Issued
2015
Decision
22 Oct 2015
Court
NZTRA
Appeal Status
Not appealed

The Commissioner's application to strike out disputant's notice of claim

2016 case note - TRA's decision reinforces the importance of serving a Notice of Claim in accordance the Taxation Review Authorities Regulations 1998.

Case
TRA 027/14 [2015] NZTRA 19
Legal terms
Application to strike out notice of claim, service on the Commissioner, want of prosecution

Summary

The Commissioner of Inland Revenue (“the Commissioner”) applied to strike out the disputant’s Notice of Claim for non-compliance with s 138B of the Tax Administration Act 1994 (“TAA”) and, in the alternative, for want of prosecution. The Taxation Review Authority (“the Authority”) held that the proceeding must be treated as having been discontinued as the claim was not effected on the Commissioner. In the alternative, the Authority held that there has been inordinate delay and that the dismissal of the disputant’s claim is justified as the Commissioner will suffer serious prejudice if the disputant was permitted at this stage to pursue his claim.

Impact

The Authority’s decision reinforces the importance of service of a Notice of Claim on the Commissioner in accordance with regs 8(2) and 13 of the Taxation Review Authorities Regulations 1998 (“the Regulations”).

Also, in dismissing the proceeding for want of prosecution, the Authority considered whether any fault on the Commissioner’s part led to the delay, whether any steps have been taken to gather and preserve evidence, and time and costs incurred by the Commissioner.

Facts

The Commissioner applied to strike out a Notice of Claim alleged by the disputant to have been filed with the Authority on or about 8 December 2011, for non-compliance with s 138B of the TAA. In the alternative, the Commissioner applied to dismiss the proceeding for want of prosecution.

Evidence was given by the investigator (“Mr Brown”) who was responsible for the disputant’s file, and by the disputant’s accountant (“Mr Jones”).

On 6 December 2011, before the final assessments for the relevant tax years were issued, Mr Jones sent an email to the Authority, which he copied to Mr Brown and to which he attached a letter stating that a notice of claim and a cheque for the filing fee were attached.

On 7 and 8 December 2011, discussions took place to resolve the outstanding issues before final assessments were issued. In an email on 8 December 2011, Mr Jones stated: “I will communicate with Ministry of Justice and try & put a hold on presenting the cheque so mailed yesterday?”.

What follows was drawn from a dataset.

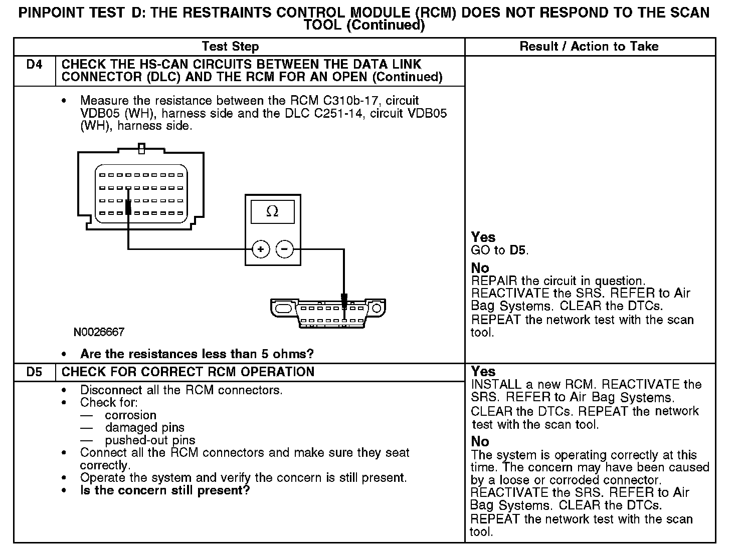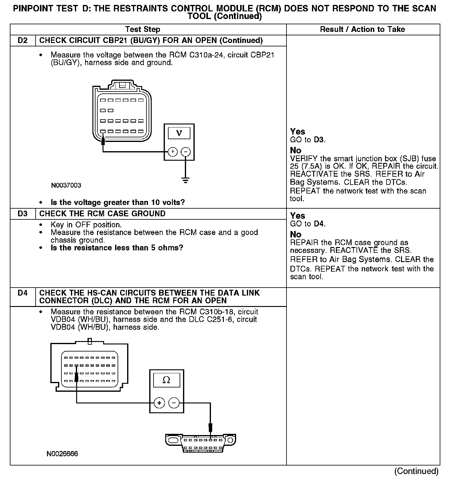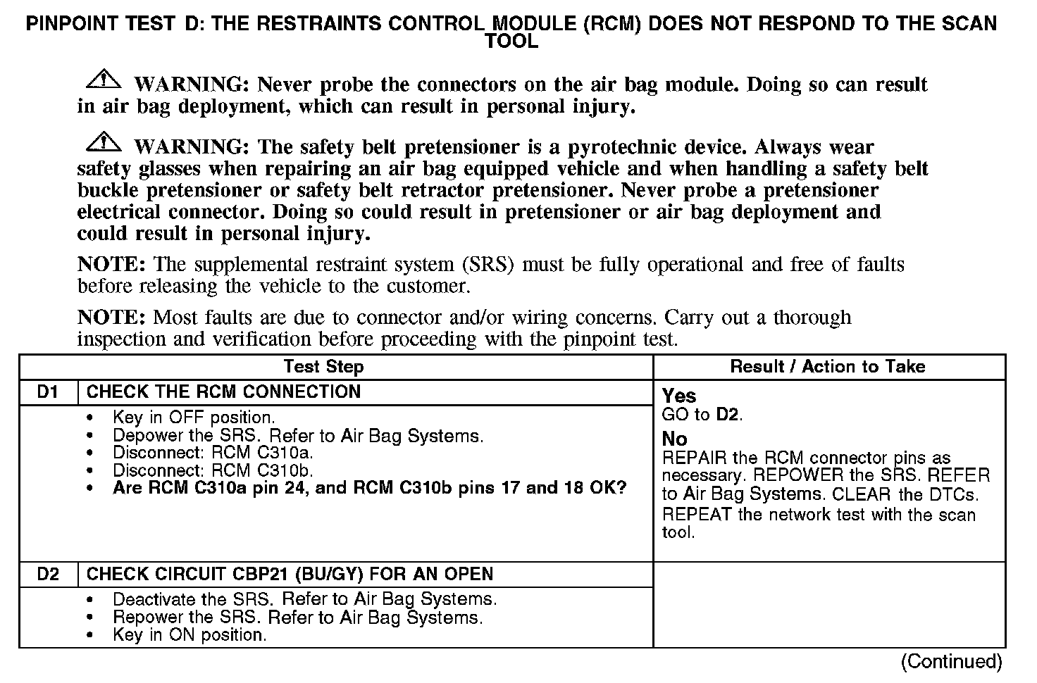 PINPOINT TEST D: THE RESTRAINTS CONTROL MODULE (RCM) DOES NOT RESPOND TO THE SCAN TOOLD1-D2: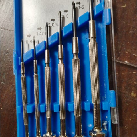 Plastkasse fylt med et variert utvalg skrutrekkere

Mr Jones gave evidence that he did call the Tribunals Unit but he was informed that the cheque and claim had already been processed.

On 21 May 2012, the case manager at the Tribunals Unit sent an email to Mr Jones seeking to confirm whether the matter was going to proceed with the Authority. No reply was ever sent to the case manager.

Deduction notices pursuant to s 157 of the TAA, were issued and funds sufficient to clear the disputant’s tax liabilities were deducted from the disputant’s account.

In December 2014, the proceeding was registered on a without prejudice basis.

Decision

The Authority held that the proceeding is treated as discontinued pursuant to r 5.68 of the District Court Rules. In the alternative, the Authority dismissed the proceeding for want of prosecution.

Was the notice of claim filed in the Authority in accordance with s 138B(2)(c) of the TAA?

The Authority considered that it is reasonable to expect that the claim would have been received (at the earliest) on 8 December 2011 and the cheque was banked on this date. The Authority held that the disputant was entitled under s 138B(2) of the TAA to bring challenge proceedings on 8 December 2011, the date on which the notice of claim was filed.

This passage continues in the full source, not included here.